Anahid Nersessian (born October 27, 1982) is an American writer and critic who served as the poetry editor of Granta Magazine. Her essays and reviews have appeared in The New Yorker, The New York Review of Books, The London Review of Books, The Paris Review, The Los Angeles Review of Books, n+1, Public Books, and New Left Review. In 2021 Nersessian's Keats's Odes: A Lover's Discourse was named one of the best books of the year by The Boston Globe. She is Professor of English at the University of California, Los Angeles.

== Work ==
Nersessian was born and grew up in New York City. She attended Yale University as an undergraduate and has a Phd in English from the University of Chicago. Her doctoral advisor was the theorist Lauren Berlant.

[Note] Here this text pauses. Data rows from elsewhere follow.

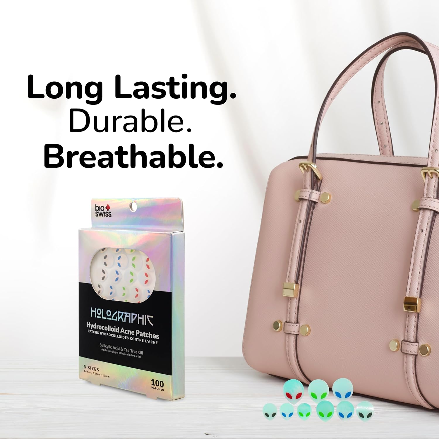 BioSwiss Pimple Patches, Holographic Alien Patch for Zits and Blemishes, Hydrocolloid Spot Stickers for Face and Skin, 100 Count
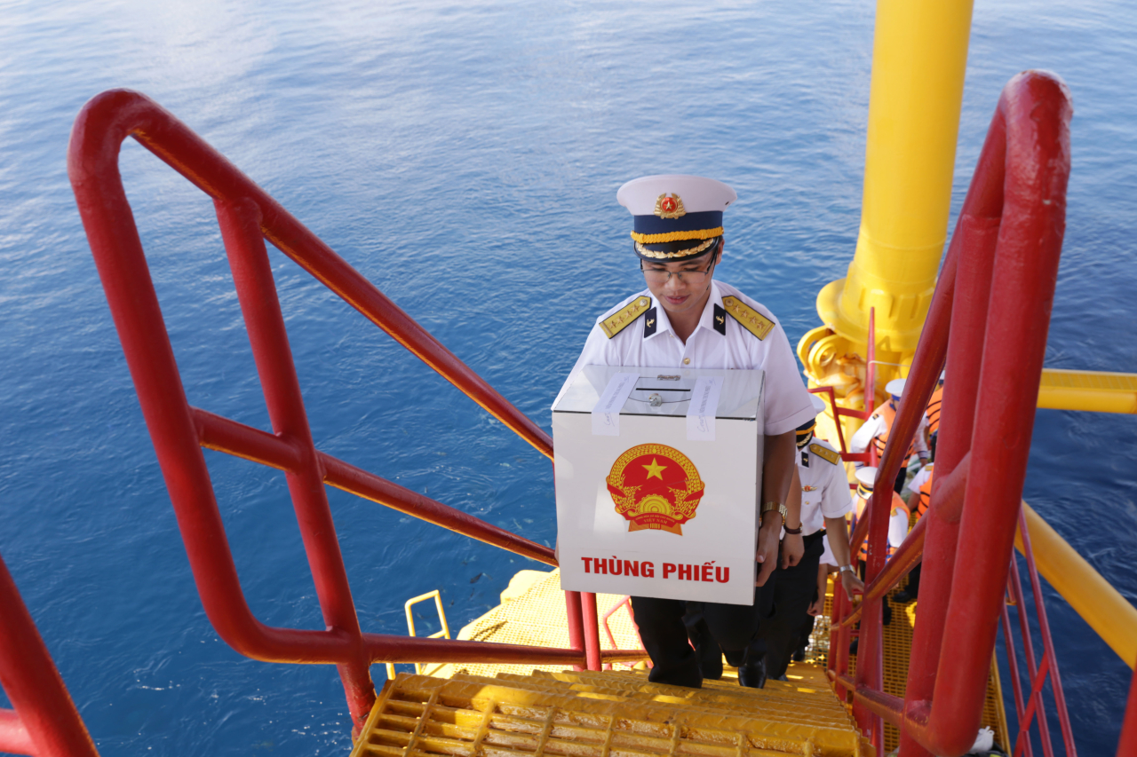 Thùng phiếu được đưa lên nhà giàn DK1 phục vụ bầu cử cho cử tri
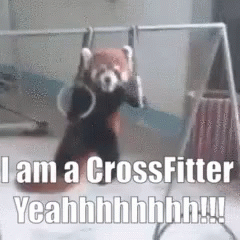 કન્ટેન્ટનું વર્ણન: a red panda is wearing headphones and hanging on a bar with the words i am a crossfitter
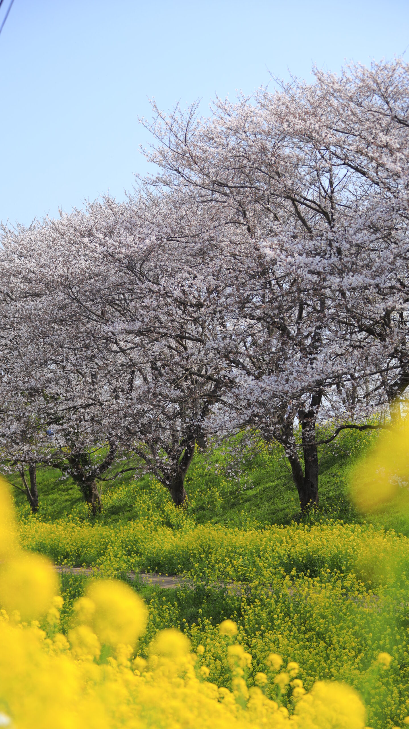 This photo was taken at Sakura Tsutsumi Park from the opposite bank of the river, blurring out the rape blossoms in the foreground and capturing the rows of cherry trees and rape blossoms in the background.
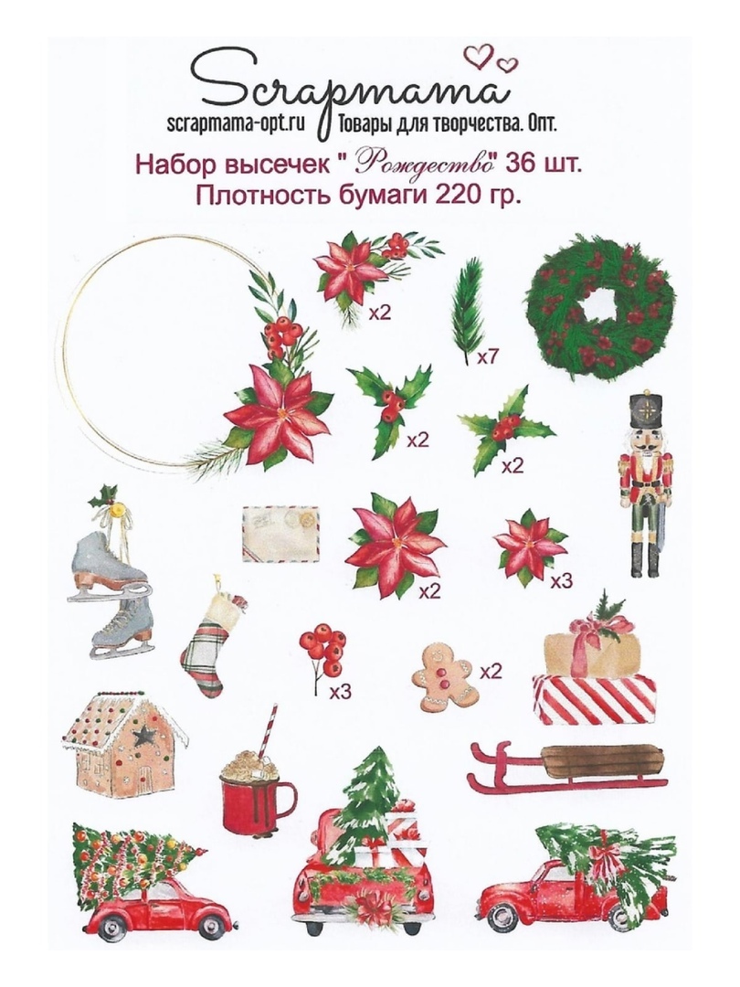 Набор высечек для скрапбукинга "Рождество", 36 штук в наборе, матовая бумага, плотность 220 гр
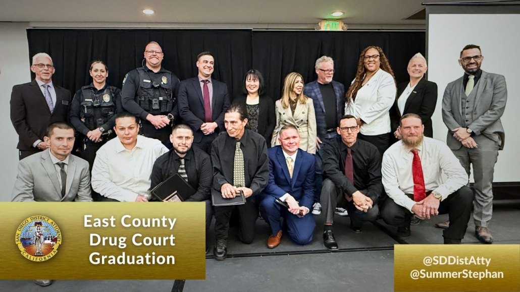 At the East County Drug Court Graduation, San Diego County District Attorney Summer Stephan explained how Drug Court provides accountability, treatment, and hope for individuals struggling with substance use disorders—and celebrated a major milestone through the SCOPE program.
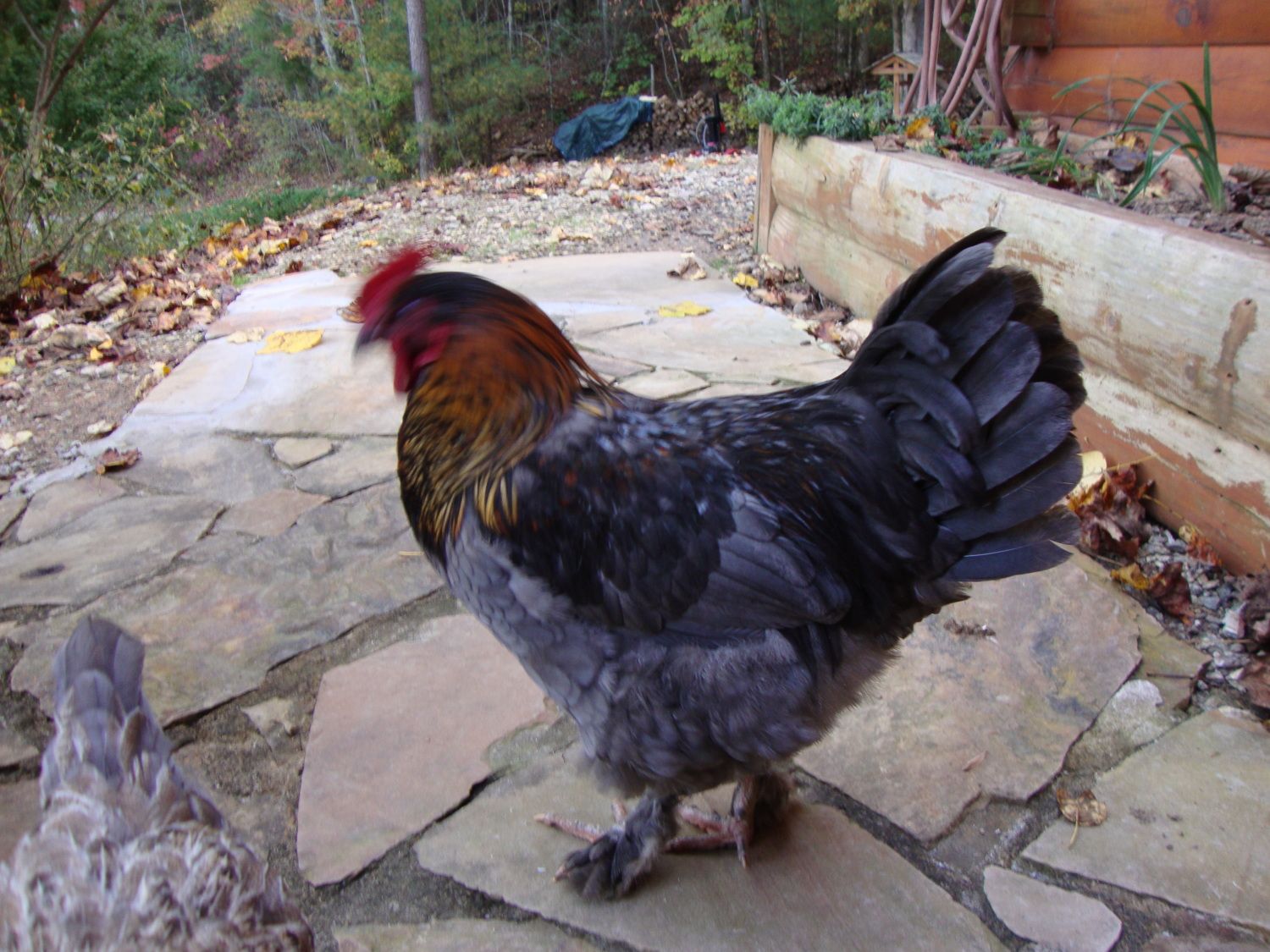 So here is my 3rd generation OE roo.  What do you think of his looks? He is 7 months old.  Sorry about the blurry pics.  He was chasing raisins my husband was throwing to him.  Just thought I would share the pics.  He was suppose to be a she...   wonder what color eggs his chicks would have if I breed him with brown or blue egg layers.  I wonder if he has any of the blue genes in him.  He has a straight comb, so probably not.  oh well....I am an EE hen.
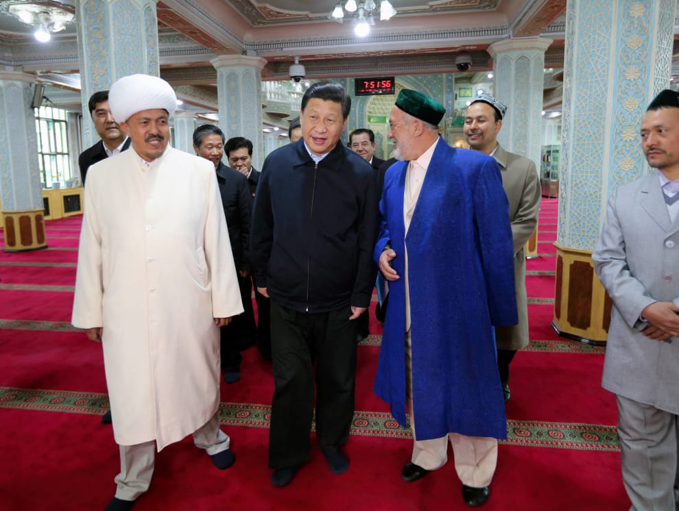圖為 2014年4月,習近平前往新疆視察的畫面,畫面中的他來到了烏魯木齊市的清真寺參訪。
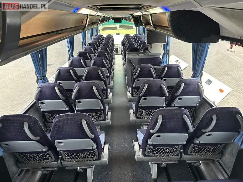 Wyposażenie: klimatyzacja, video, WC, lodówka, caffebar, kabina sypialna, oświetlenie indywidualne, nawiewy dyszowe, fotele odchylane, podnóżki, stoliczki, siateczki, ABS, ASR, tempomat, retarder, telefon, nawigacja, CD, mikrofon, radio, fotele odchylane i rozsuwane, wyświetlacz matrix, rampa dla inwalidów, sejf, regulacja wysokości nadwozia, centralny zamek, podwójne szyby boczne, wspomaganie kierownicy, elektryczne lusterka, ogrzewanie stacjonarne, DVD, hak holowniczy, ESP
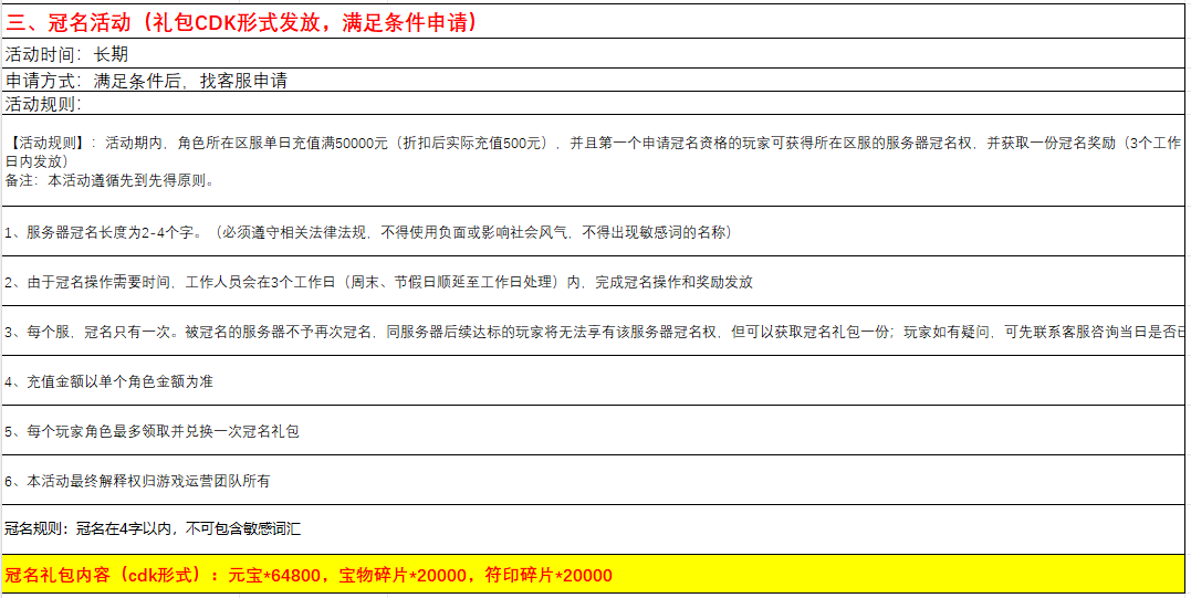 开服表

Nersessian is the author of three books, Utopia, Limited: Romanticism and Adjustment, published by Harvard University Press, The Calamity Form: Poetry and Social Life, published by the University of Chicago Press, and Keats's Odes: A Lover's Discourse, published by the University of Chicago Press in the U.S. and by Verso Books in the U.K. Keats's Odes, a book of personal essays about the English poet John Keats, received positive reviews. The Washington Post called the book "true to Keats's spirit" while Publishers Weekly said that "intense emotion abounds in this literary blend of analysis and autobiography." The Times Literary Supplement described Nersessian's prose as "bold, irreverent, declarative, and feral," and compared the book favorably to other books published on Keats that year. Similarly, the American political magazine Jacobin called it "the best book about John Keats published" on the bicentenary of the poet's death, and The Nation said it was "radical and unforgettable." Writing in The Paris Review, novelist Ben Lerner described Keats's Odes as "risky, passionate criticism" and "a brilliant and refreshingly unprofessional book." In a Boston Review article naming Keats's Odes one of the best books of 2021, Walton Muyumba called the book "a terse, stunning pastiche of Roland Barthes's A Lover's Discourse, adding that "Nersessian proves that criticism can be loving, literary art." The book was a finalist for the Poetry Foundation's 2022 Pegasus Award for Poetry Criticism.

Nersessian is also the editor of the Broadview Press edition of Percy Shelley's long poem Laon and Cythna; Or, the Revolution of the Golden City (2016)--an edition described in a review in the Keats-Shelley Journal as "of vital significance for the study of Romantic literature."

In a 2022 interview with The New York Review of Books, Nersessian described herself as an expert on poetry with interest in political philosophy and the history of literary criticism. Much of her scholarly work to date has focused on eighteenth- and nineteenth-century British and European literature and especially the Romantic period.

Nersessian is represented by The Wylie Agency.

== Personal life ==
Nersessian is of partial Armenian-Iranian ancestry and was raised speaking Armenian as her first language. She has spoken openly about being bullied at school because of her father's Iranian citizenship.

Nersessian is close friends with writer and actress Zoe Kazan.